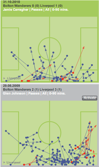 In all Carragher played around half the number of passes as Johnson did in the same game last season, and failed to use the wings effectively to get crosses in to the box.
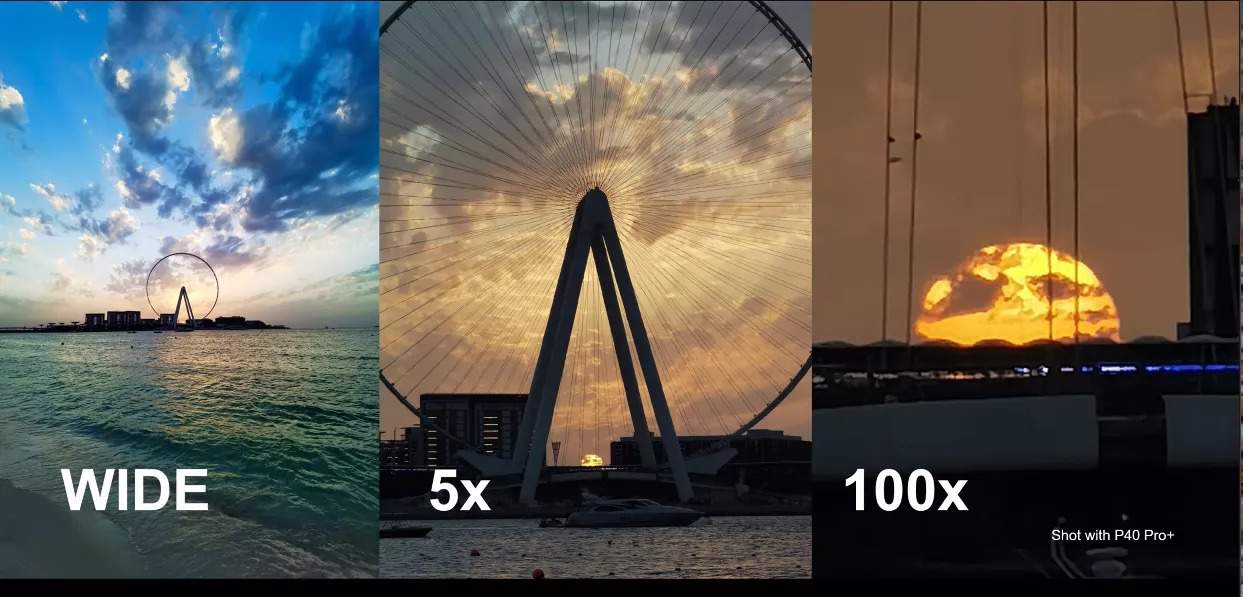 Segundo a Huawei, é aqui que está a grande diferença! Conseguindo significativamente mais na luz nos sensores (até 5x mais), bem como uma melhoria de 178% no percurso óptico do sistema. Para além dos 10x de zoom ótico, temos ainda a possibilidade de chegar aos Zoom de 100X.
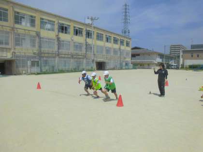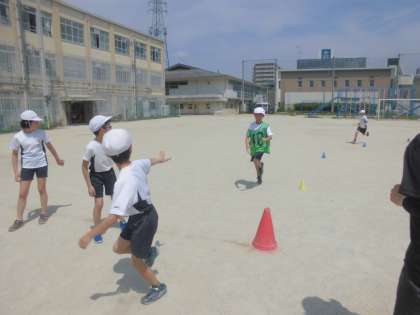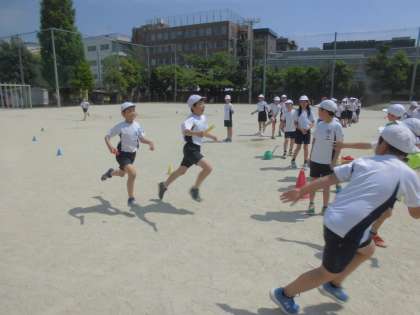 リレーの学習の最後に学年対抗リレーを開催しました。

■ ABOUT THIS EXERCISE: Each line above should be printed again exactly, though the pictures should not be.

■ SOLUTION TO THIS TASK:
 In all Carragher played around half the number of passes as Johnson did in the same game last season, and failed to use the wings effectively to get crosses in to the box.
 Segundo a Huawei, é aqui que está a grande diferença! Conseguindo significativamente mais na luz nos sensores (até 5x mais), bem como uma melhoria de 178% no percurso óptico do sistema. Para além dos 10x de zoom ótico, temos ainda a possibilidade de chegar aos Zoom de 100X.
 リレーの学習の最後に学年対抗リレーを開催しました。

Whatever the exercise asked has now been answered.